初学者の方は、聴診の基本を解説した【基礎編】からスタートすると良いでしょう。
今回は、感染性呼吸器疾患である「気管支拡張症」について解説します。
皿谷 健
(杏林大学医学部付属病院呼吸器内科臨床教授)
気管支拡張症という病気は知っていますか?
気管支が拡がってしまって、元に戻らなくなる病気です!
学校でも習ったから、覚えています♪
正解です。
じゃあ、男性と女性、どちらの患者さんが多いと思いますか?
えーっと・・・どっちかな?
さすがに学校でも教わらないかな。
ここで詳しく解説していきますので、知っておくべき疾患のポイントを一緒に確認していきましょう。
〈目次〉
- 気管支拡張症の基礎知識
- 気管支拡張症の原因と病態生理
- ・先天性要因による気管支拡張症
- ・気管支拡張症の原因と病態生理
- 気管支拡張症の症状
- 聴診時に気を付けるポイント
- ・副鼻腔気管支症候群の患者さんを聴診する際は要注意
- ナースへのワンポイントアドバイス
- Check Point
気管支拡張症の基礎知識
気管支拡張症とは、気管支が拡がってしまい元に戻らなくなる病気です(図1)。
図1気管支拡張症のイメージ
気管支拡張症の発病者は、男性よりも女性に多く、日本人では約25,000人がこの病気に罹患していると言われています。しかし、性差がある理由(何故、女性に多いか)はわかっていません。
拡張する気管支の形は、気管支壁が円筒状になったり、紡錘状や嚢状の形態になることもあります。
気管支拡張症の原因と病態生理
気管支拡張症には、生まれつき罹患している先天性の要因と、生まれた後に罹患する後天性の要因があります。
先天性要因による気管支拡張症
気管支拡張症の主な先天性の要因は、慢性副鼻腔炎や気管支拡張症、カルタゲナー症候群(Kartagener syndrome)が挙げられます。
memoカルタゲナー症候群
カルタゲナー症候群とは、別名、原発性線毛機能不全症候群(immotile cilia syndrome:ICS)と呼ばれる先天性機能不全の病態です。また、原発性線毛ジスキネジア(primary ciliary dyskinesia:PCD)などにも属する疾患です。

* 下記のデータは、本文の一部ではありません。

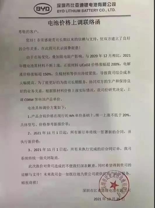 深圳市比亞迪鋰電池有限公司電池價(jià)格上調(diào)聯(lián)絡(luò)函尊敬的客戶:您好!非常感謝貴司長期以來的信賴與支持,使雙方建立了良好的合作關(guān)系,在此我司表示深摯謝意!由于市場(chǎng)變化,疊加限電限產(chǎn)影響,與2020年12月相比,2021年鋰電池原材料不斷上漲,正極材料LiCoO2價(jià)格漲幅超200%,電解液價(jià)格漲幅超150%,負(fù)極材料等供應(yīng)持續(xù)緊張,導(dǎo)致我司綜合成本大幅提高。為了能更好的為貴司長期服務(wù),協(xié)同雙方的生產(chǎn)和保持良好的業(yè)務(wù)關(guān)系,根據(jù)原材料價(jià)格上漲實(shí)際情況,我司經(jīng)研究決定,上調(diào)C08M等電池產(chǎn)品單價(jià)。電池具體調(diào)價(jià)方案如下:1、產(chǎn)品含稅價(jià)格在現(xiàn)行的Wh單價(jià)基礎(chǔ)上,統(tǒng)一上漲不低于20%,具體型號(hào)、價(jià)格參考新報(bào)價(jià)單:2、2021年11月1日起,所有新訂單將統(tǒng)一簽署新的合同,并執(zhí)行新價(jià)格;3、2021年11月1日起,所有未執(zhí)行完成的舊合同訂單,我司系統(tǒng)將統(tǒng)一做關(guān)閉取消。此次漲價(jià)對(duì)貴司造成的不便我們深表歉意,同時(shí)希望得到貴司的諒解與支持!未來我司會(huì)一如既往地為貴公司提供優(yōu)質(zhì)產(chǎn)品與服務(wù)。順祝商祺!深圳市比亞迪鋰電池有限公司2021年10月25日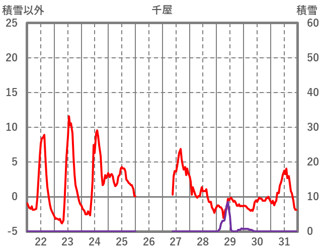 | 日 | 時 | 気温 | 降水 | 風向/風速 | 日照 | 積雪 | 降雪 |

症状の中には、内臓の配置が左右反対になる内臓逆位と呼ばれる症状があります。
後天性要因による気管支拡張症
気管支拡張症の主な後天性の要因は、感染症や膠原病(例:関節リウマチ、シェーグレン症候群)が挙げられます(1)。
幼児期に呼吸器の感染症を引き起こすと、気管支壁が弱くなり、気管支閉塞や肺炎、無気肺が起きやすくなります。
成人になっても、気道の同じ部位に感染したり、炎症を引き起こすことを繰り返すと、気管支壁が破壊されて、細菌の定着につながることがあります(例:非定型抗酸菌症、緑膿菌など)。
気管支拡張症の症状
気管支拡張症の症状は、慢性の咳や膿性痰が特徴です。しばしば、感染症になったことをきっかけに症状が増悪し、血痰や喀血がみられることもあります。
また、喀痰や呼吸困難感の増加、咳嗽の増加、発熱(38℃以下)、胸痛、喘鳴の増加などを認めることもあり、X線検査でこれまでには見られなかった肺の異常陰影が出現することもあります。
聴診時に気を付けるポイント
気管支拡張症は、中下肺野の気管支が拡張することが多く、特に、中肺野の聴診をしっかり行いましょう(図2)。また、背部では、下肺野の呼吸音も聴きましょう。
図2気管支拡張症の患者さんに行うべき聴診の位置
副鼻腔気管支症候群の患者さんを聴診する際は要注意
気管支拡張症の患者さんは、副鼻腔気管支症候群の症状が現れやすいことがあります。この症状は、嗅覚が低下する慢性副鼻腔炎(蓄膿症)の症状と同じです。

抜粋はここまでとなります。